久中製薬の仕事から数日。私達はこれからの目標を考える為巽が風呂に入っている隙に部屋にあるパソコンで佐賀のイベントを調べていた。

 

「おっ、サガロックってなん⁉︎面白そうやん‼︎」

 

 サキがある記事に目を輝かせた。

 

「サキちゃん、ロック好きと〜?」

「おう!九州っつったら、明太ロックやろがい!」

「なんそれ?」

「お前、ぶっ殺すぞ‼︎」

「ホント口悪いな………」

 

調べてみるとサガロックは九州最大の野外ロックイベントらしく各地から名のあるグループが出場するらしい。

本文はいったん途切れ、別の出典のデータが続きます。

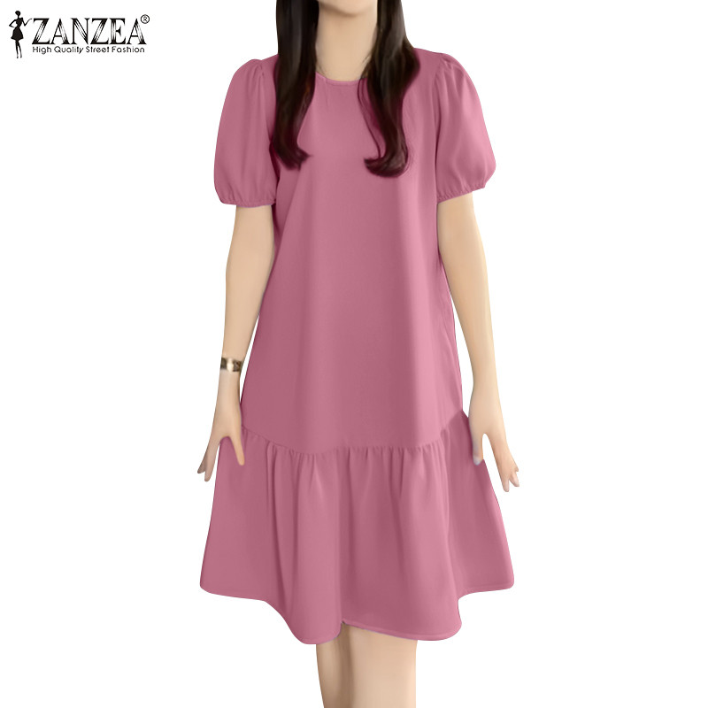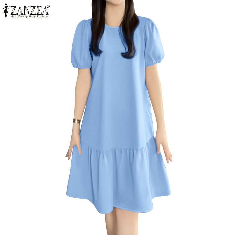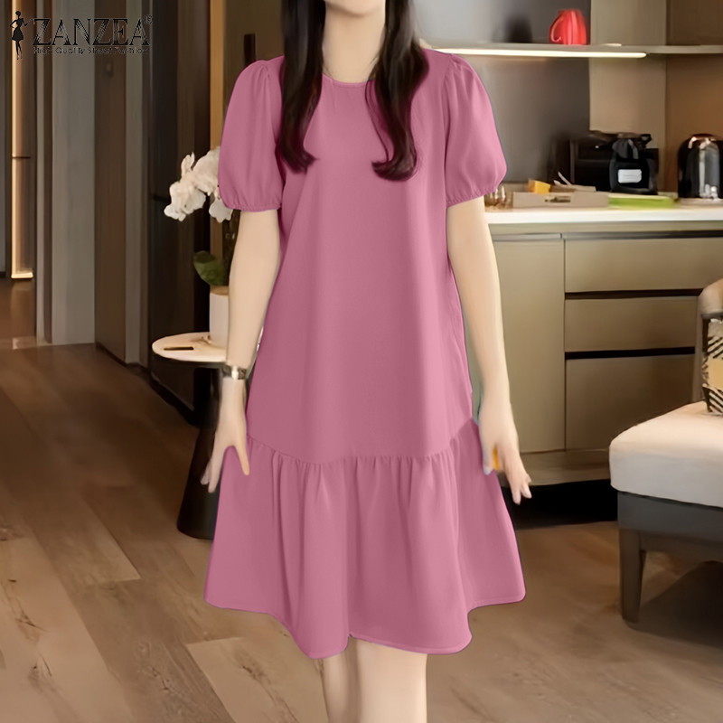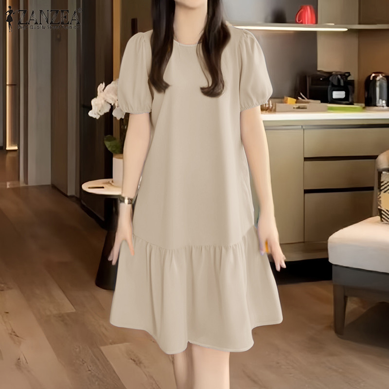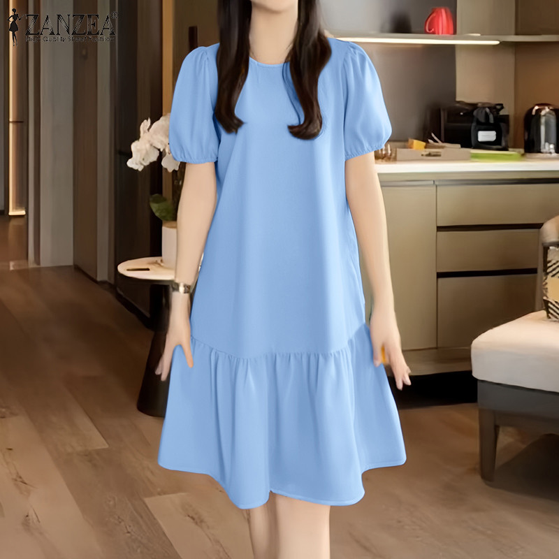 ZANZEA Women Korean Leisure Short Sleeve Puff Sleeve Vacation Lotus Fish Tail Dress

その中には「アイアンフリル」も…。

 

「マジか⁉︎アタシらも出ようぜ‼︎」

「まあ、大きな目標を立てることに文句はないけど………」

「きっと凄いね〜。目の前にこんなお客さんおったら〜!」

「リリィは舞台挨拶で慣れてるから全然平気!」

「こういう場に合う曲選んどかないとな…」

 

 いきなり出るのは正直無理な話だ。今のクオリティでは足りないのは当然として、開催日までにこの舞台に立てるクオリティになるのすらもキツい。だからいずれの目標として設定するならいいかも。例えば今年は見に行くだけ見に行って、来年出る事を目指すとか。それが現実的かな?

 

「頑張って行こうよ!もっともっと練習すれば、いつか行けるよ!」

「そう簡単ではありません。これだけの会場でコンサートを開くには、当然それに伴う実力が必要なんです。希望的観測はやめて、謙虚に一歩一歩進むべきです。」

 

 ただ、純子の通りやってたら何もせずに終わってしまう可能性がある。これだけ移り変わりの激しい時代には、ある程度のスピード感も必要になってくる。彼女の言いたいことも分かるけどね。

 

「分かるけど、昔と違ってそんなじっくりやってる余裕は無いの。まずは、とにかく多くの人に知ってもらわないと。奈々子が拡散してるSNSでも、そろそろ動画を挙げていかないとね。」

「SNS………?私たちのあのコンサートを広げているのですか……?」

「こんな感じで〜、よく見える瞬間だけ切り取ってるよ〜。」

「そう、ですか…………」

「元々私がいたグループだって、デビューから1年後には数万人の前でやってたんだから。」

「1年⁉︎それでお客さんは満足を⁉︎」

「最初から完璧なんて求めていたら、何もできない。むしろファンは私たちの成長過程を見守ってくれるし。育ててくれるの。」

「それって…………」

「・・・」

 その後日、私たちはいつものようにミーティングをすることになった。

 

「皆の衆〜!あぁ〜ふら………」

「せからしい!さっさと始めろ!」

「はい!今日はお前らに、嬉しいニュースがありま〜す‼︎え〜なんとフランシュシュに〜、ファンが出来ましたぁぁぁ‼︎」

 

 おっ。ようやくこのレベルになったのね。久々に出来たファンは、なんだか嬉しかった。

 

「竜輝のガタリンピックでの映像が受けて一気に火が付いた。それより今日は、ファンの皆と交流してもらいまぁぁぁぁす‼︎」

「交流?もしかしてチェキ会のことか?」

「そうでぇぇぇぇす‼︎話が早くて助かるぞぉぉぉい‼︎」

 

 チェキ会からやるんだ。意外。まずはミニライブと物販をやって欲しかったのに。まあいいか。とりあえずここでファンの人と交流するしかないでしょ!

 

「チェキ会………?」

「ファンの人と一緒に写真を撮るんだよ!」

「なるほど、ポラロイドでプロマイドする感じですね!」

「…、まぁそんなとこだ」

 

「というわけで、お前らチェキチェキしてこぉぉぉぉぉい‼︎」

 

 まあいいや。ということで、私たちはチェキ会の会場へと向かったのだった。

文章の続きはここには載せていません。